Is rayon's parallel iterator slower than java?

I tested the Rust and Java code for "estimating pi in parallel":

use rand::{thread_rng, Rng};
use rayon::iter::{IntoParallelIterator, ParallelIterator};
const N: i32 = i32::MAX;
fn main() {
    let n: i32 = (0..N).into_par_iter().map(|_| {
        let mut rng = thread_rng();
        let x = rng.gen_range(0.0..1.0) - 0.5f64;
        let y = rng.gen_range(0.0..1.0) - 0.5f64;
        if x.powf(2.0) + y.powf(2.0) < 0.25 { 1 } else { 0 }
    }).sum();
    let pi = n as f64 / N as f64 * 4.0;
    println!("π ≈ {pi}");
}
import java.util.concurrent.ThreadLocalRandom;
import java.util.stream.IntStream;
public class Main {
    static final int N = Integer.MAX_VALUE;
    public static void main(String[] args) {
        int count = IntStream.range(0, N).parallel().map(i -> {
            double x = ThreadLocalRandom.current().nextDouble(0.0, 1.0) - 0.5;
            double y = ThreadLocalRandom.current().nextDouble(0.0, 1.0) - 0.5;
            return (x * x + y * y < 0.25) ? 1 : 0;
        }).sum();
        double pi = (double) count / N * 4.0;
        System.out.println("π ≈ " + pi);
    }
}

The Rust version took 7 seconds to execute on my computer, while Java took only 3 seconds.
I don't understand why is that, is Rayon slower than the Java standard library?

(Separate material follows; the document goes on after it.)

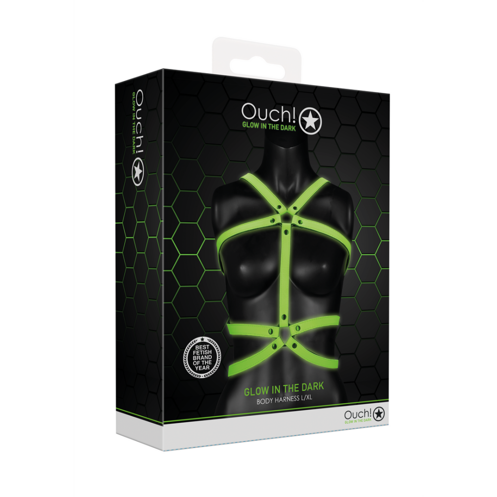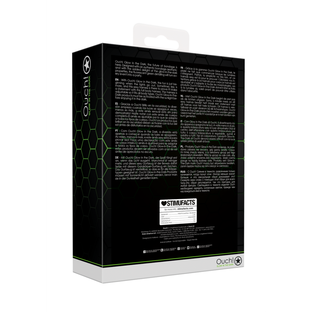 Ouch! Glow in the Dark, de toekomst van bondage is hier. Het design heeft het autentiek bondage uiterlijk, maar brengt licht in het duister door zijn fluoresecrende groene details waardoor alles een feest wordt. Soms, is minder meer, en dit sexy harnas bewijst het! Maak een statement met dit harnas voor het hele lichaam. Dit harnas is verstelbaar en past daarom bij elk lichaamstype. Ouch! Glow-In-The-Dark producten moeten worden geactiveerd met het zonlicht voordat je er in het donker van kunt genieten.

One difference is that rand::thread_rng is a cryptographically-strong PRNG, while java.util.concurrent.ThreadLocalRandom is not.

4 Likes

Indeed, looking at the output from the samply profiler, I saw that most of the time was spent in random number generation. Swapping out rng.gen_range for fastrand::f64 (from the fastrand crate) reduced the runtime from ~9s to ~4s on my system.

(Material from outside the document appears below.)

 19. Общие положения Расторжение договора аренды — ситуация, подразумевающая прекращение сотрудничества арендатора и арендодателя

Even when using the rand crate with its default settings, using rng.gen::<f64>() was faster than gen_range and returned the same results.

4 Likes

Your Rust version, when run with cargo build --release && time cargo run --release, takes 2.4 seconds on my system. Following Parallel RNGs - The Rust Rand Book to get faster randomness in parallel gets me to the following code, and saves 10% time, resulting in it taking about 2.2 seconds:

use rand::{
    distributions::{Distribution as _, Uniform},
    thread_rng,
};
use rayon::iter::{IntoParallelIterator, ParallelIterator};

const N: i32 = i32::MAX;

fn main() {
    let range = Uniform::new(-0.5f64, 0.5);

    let n: i32 = (0..N)
        .into_par_iter()
        .map_init(thread_rng, |rng, _| {
            let x = range.sample(rng);
            let y = range.sample(rng);
            if x.powf(2.0) + y.powf(2.0) < 0.25 {
                1
            } else {
                0
            }
        })
        .sum();
    let pi = n as f64 / N as f64 * 4.0;
    println!("π ≈ {pi}");
}

That's a small speed-up from going to one RNG initialization per thread.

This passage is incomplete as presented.